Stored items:
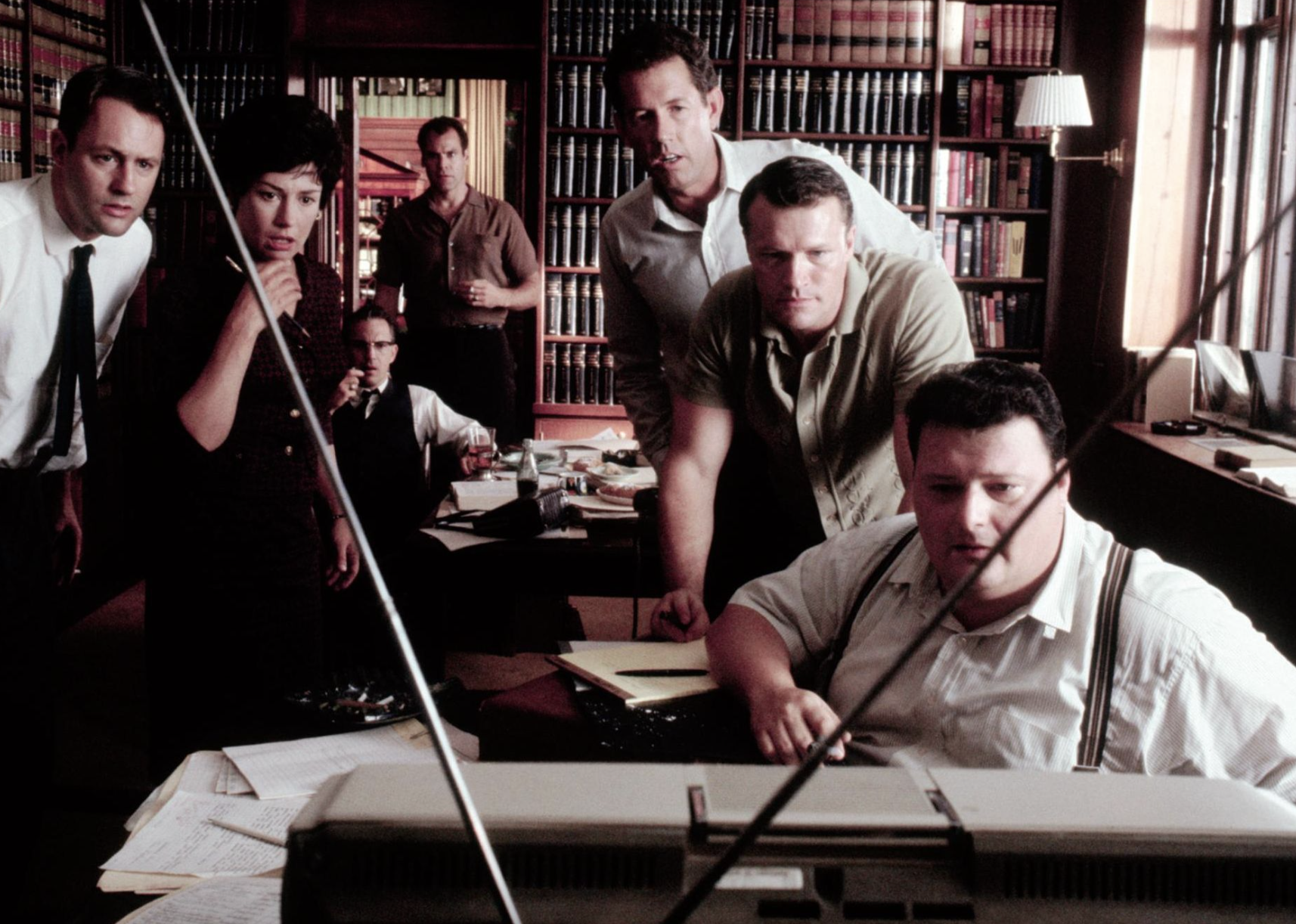 Kevin Costner, Wayne Knight, Gary Grubbs, Laurie Metcalf, Michael Rooker, and Jay O. Sanders in “JFK”
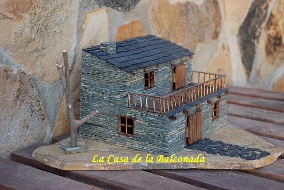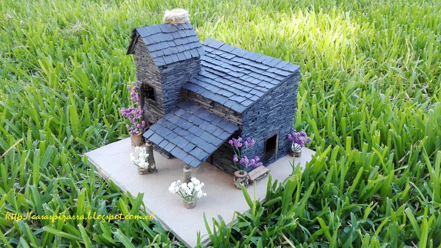 Sobre una lasca de pizarra de 55 cm por 33 cm. la casa mide 26´5 cm. de ancha, 16´5 cm. de fondo y 11 cm. de alta.
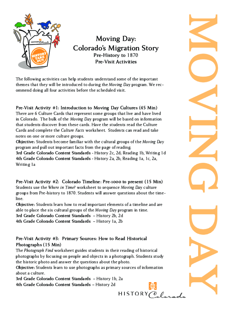 Prehistory to 1870 Revisit Activities The following activities can help students understand some of the important themes that they will be introduced to during the Moving Day program. We recommend
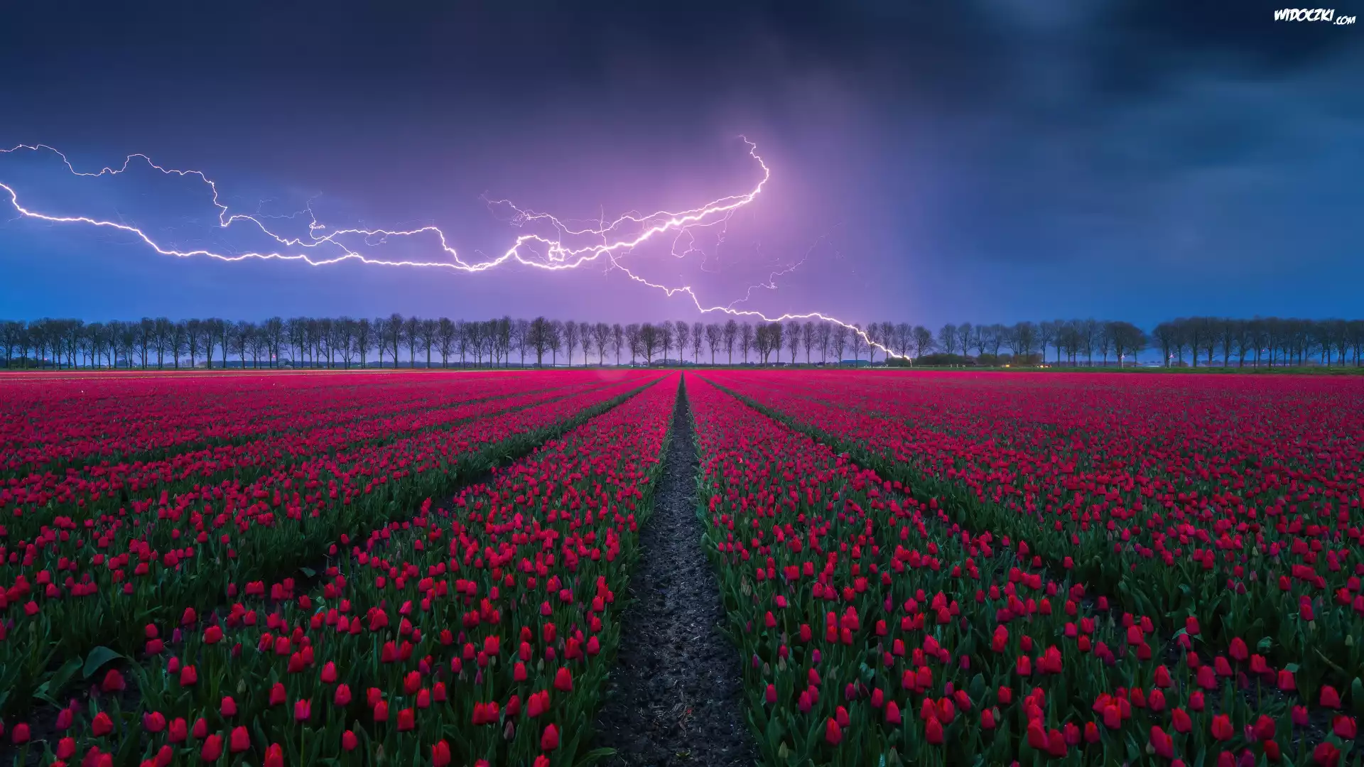 Zdjęcia, Niebo, Błyskawica, Wieczór, Pole, Kwiaty, Tulipany, Drzewa
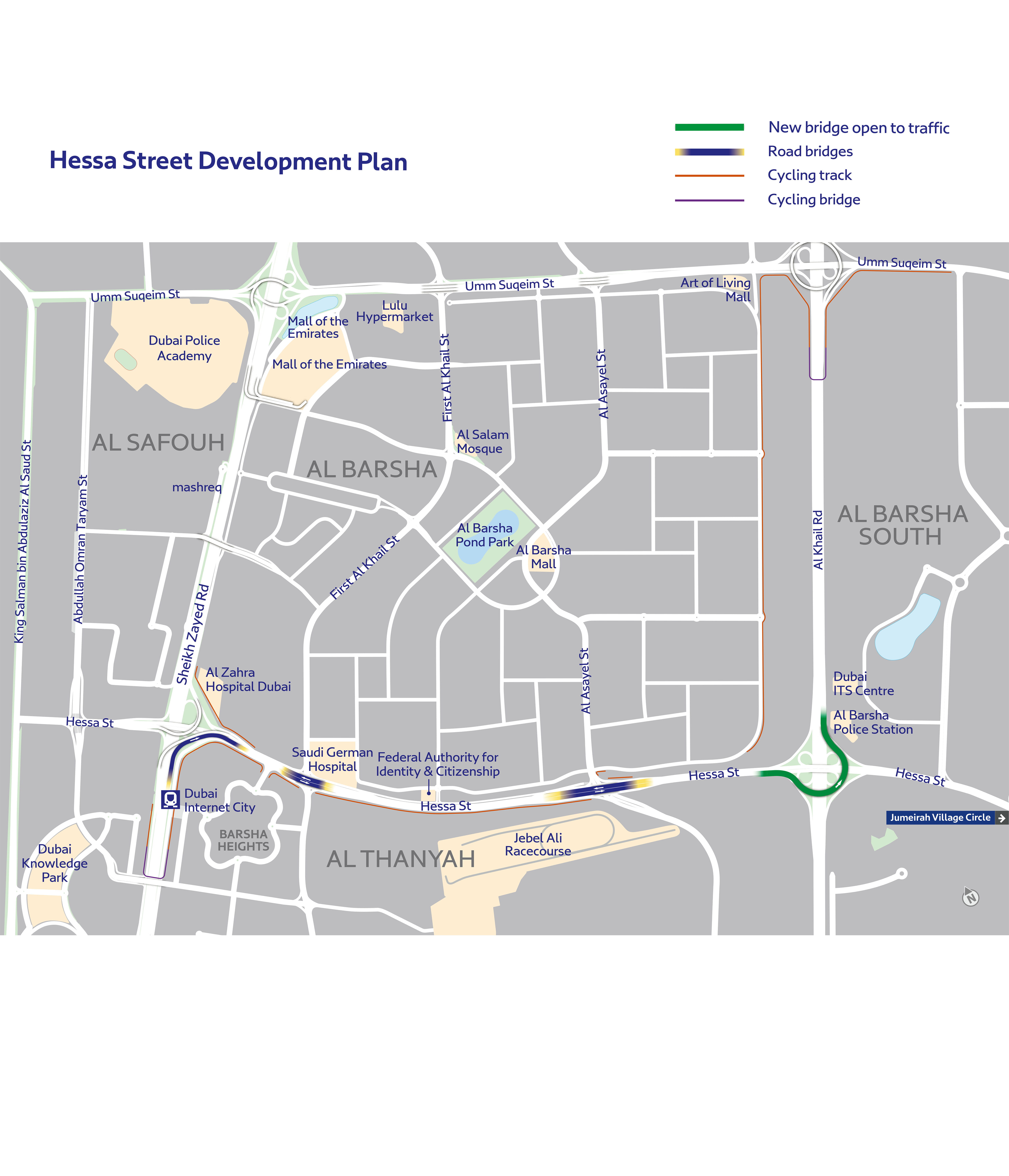 ويتضمن المشروع تطوير أربعة تقاطعات رئيسة، الأول: تقاطع شارع حصة مع شارع الشيخ زايد، بتنفيذ منحدر مجسر: (Directional Ramp)، بسعة مسارين، يمر فوق مسار الخط الأحمر لمترو دبي، ويخدم الحركة المرورية المتجهة يميناً من شارع الشيخ زايد إلى شارع حصة شرقاً باتجاه شارع الإمارات، والثاني: تطوير تقاطع شارع حصة مع شارع الخيل الأول، وذلك بزيادة عدد المسارات على الجسر القائم لشارع حصة، من ثلاثة مسارات إلى أربعة مسارات في كل اتجاه، وتنفيذ التحسينات المروية على التقاطع السطحي المحكوم بالإشارة الضوئية.

Task to carry out –
Reproduce exactly, and only, the lines that begin at the one containing "Prehistory to 1870" and end with the final line of the data, both included, while omitting every picture.

Answer space –
 Prehistory to 1870 Revisit Activities The following activities can help students understand some of the important themes that they will be introduced to during the Moving Day program. We recommend
 Zdjęcia, Niebo, Błyskawica, Wieczór, Pole, Kwiaty, Tulipany, Drzewa
 ويتضمن المشروع تطوير أربعة تقاطعات رئيسة، الأول: تقاطع شارع حصة مع شارع الشيخ زايد، بتنفيذ منحدر مجسر: (Directional Ramp)، بسعة مسارين، يمر فوق مسار الخط الأحمر لمترو دبي، ويخدم الحركة المرورية المتجهة يميناً من شارع الشيخ زايد إلى شارع حصة شرقاً باتجاه شارع الإمارات، والثاني: تطوير تقاطع شارع حصة مع شارع الخيل الأول، وذلك بزيادة عدد المسارات على الجسر القائم لشارع حصة، من ثلاثة مسارات إلى أربعة مسارات في كل اتجاه، وتنفيذ التحسينات المروية على التقاطع السطحي المحكوم بالإشارة الضوئية.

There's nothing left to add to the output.